O retorno da grande mídia ao “polo ideológico” justo em tempos de pandemia também exigiu um novo olhar sobre uma conta que não fecha. “Não há mais como defender o Estado Mínimo, por exemplo. Ao contrário, o capitalismo liberal está pedindo agora que o Estado socorra as empresas, inclusive com dinheiro, assim como o SUS é quem está sendo chamado a acolher os doentes no Brasil frente à limitação dos planos privados de saúde. O capitalismo perde assim a voracidade e a mídia que o alimentou já não consegue mais vender esse peixe, passando a assumir a sua função de informar e analisar, de criar fórum público, ou seja, de mobilizar as pessoas em torno de campanhas para que uns cuidem dos outros, façam e distribuam máscaras, fiquem em casa. Eis o chamado controle cruzado de pares, outro valor caro ao jornalismo”, lembra a professora.
Lutar pelo futuro pós-coronavírus, a fim de que a volta à normalidade não seja a volta à pós-verdade ou à cortina de fumaça das fake news, é outra tarefa que o jornalismo promete tomar para si. “Para voltar ao polo ideológico e recuperar prestígio junto à opinião pública não foram poucos os jornalistas que, mais recentemente, se desligaram de instituições e empresas de comunicação para criar seus próprios canais de notícias e reportagens, buscando maior independência e credibilidade. Vide o The Intercept Brasil. Assim vieram a Marco Zero, cooperativa de jornalistas de Pernambuco, o Poder 360, de jornalistas que saíram da Folha de S. Paulo, e outras iniciativas afins. Isso vem se fortalecendo e acho que a cobertura acerca do coronavírus acelerou o processo em curso de requalificação do jornalismo. Não tem mais volta e a torcida é para que se aproveite essa oportunidade surgida ao revés”, conclui.
Educação digital já!
Extra! Extra! Mentira travestida de notícia pode matar. Eis o alerta fundamental que autoridades de saúde, pesquisadores, gestores públicos e jornalistas de todo o mundo vêm fazendo sempre que ocupam espaço nos meios de comunicação para disseminar informações sobre o novo coronavírus. Tão veloz quanto o recrudescimento da própria pandemia, o efeito de contágio das fake news segue maculando o processo de democratização da palavra, ao mesmo tempo em que ofusca uma possível luz no fim do túnel perseguida por quem busca verdades factíveis em meio ao quase total desconhecimento em torno da doença. Assim pensa a jornalista e pesquisadora Eulália Camurça, que tem como tema de pesquisa no doutorado em Direito Constitucional a questão da informação e da desordem informacional no Brasil.

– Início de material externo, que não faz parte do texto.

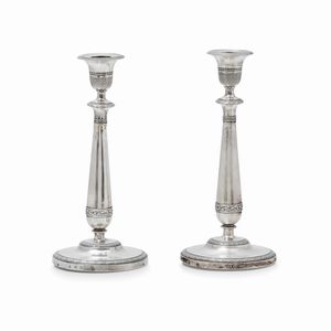 base rotonda, in stile Impero con decoro floreale, difetti (segni di saldatura). Peso lordo g 906,40 (comprensivo [..]

“Antes, a gente seguia o modelo broadcast, em que a informação vinha de um ponto e se disseminava para um volume imenso de pessoas. A internet mudou esse paradigma. E hoje todos somos produtores de conteúdo, o que é absolutamente valioso, mas, como qualquer fenômeno comunicacional, traz também desafios. Dentre eles, a disseminação de informações que não são checadas ou tem o intuito de desinformar efetivamente. Em tempos de pandemia, isso pode salvar ou matar, já que, o tempo inteiro, via redes sociais, nos chegam informações de ditos especialistas e até promessas de curas milagrosas, quando a gente sabe que a ciência ainda busca caminhos para lidar com essa nova doença”, ressalta Eulália.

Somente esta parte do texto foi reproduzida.